- GIVEN INFORMATION
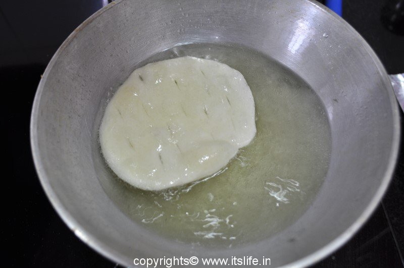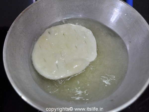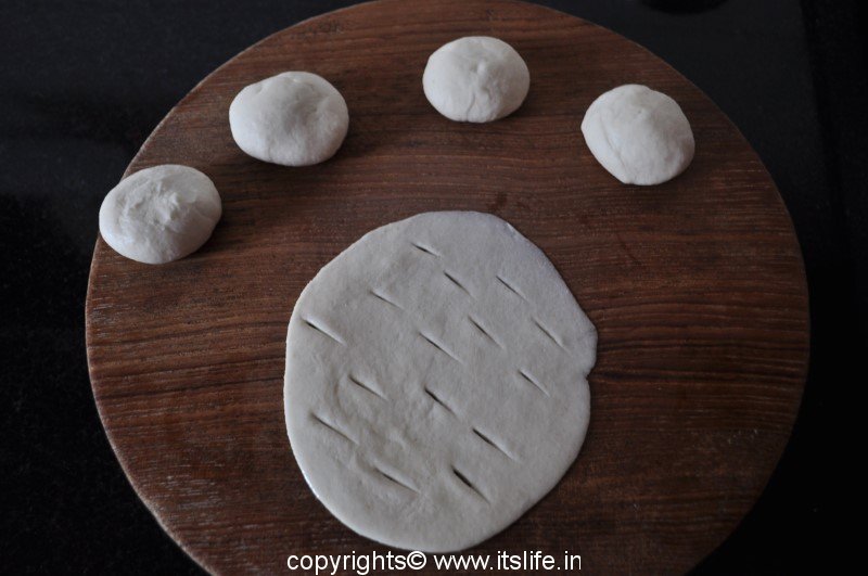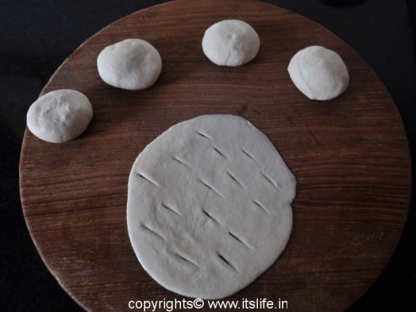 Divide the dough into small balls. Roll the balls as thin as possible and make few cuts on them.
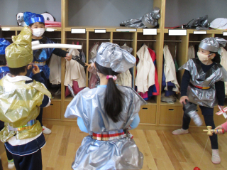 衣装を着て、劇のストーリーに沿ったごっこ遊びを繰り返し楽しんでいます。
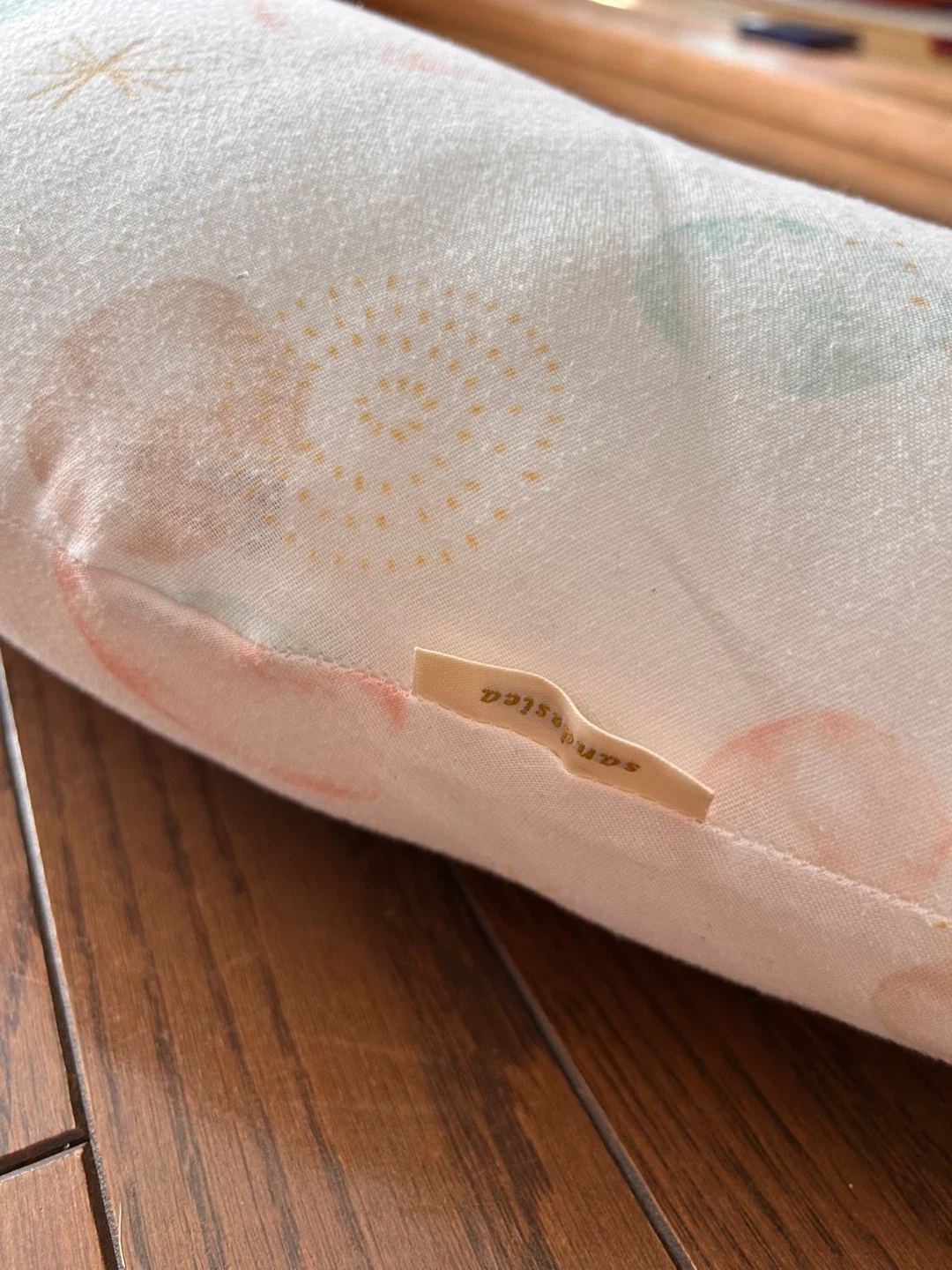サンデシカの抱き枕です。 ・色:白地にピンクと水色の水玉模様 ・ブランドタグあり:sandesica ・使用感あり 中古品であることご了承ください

- PROMPT
Beginning with the line that contains "衣装を着て、劇のストーリーに沿ったごっこ遊びを繰り返し楽しんでいます。", repeat every remaining line of the data exactly, the last line included, and omit pictures.

- OUTPUT
 衣装を着て、劇のストーリーに沿ったごっこ遊びを繰り返し楽しんでいます。
サンデシカの抱き枕です。 ・色:白地にピンクと水色の水玉模様 ・ブランドタグあり:sandesica ・使用感あり 中古品であることご了承ください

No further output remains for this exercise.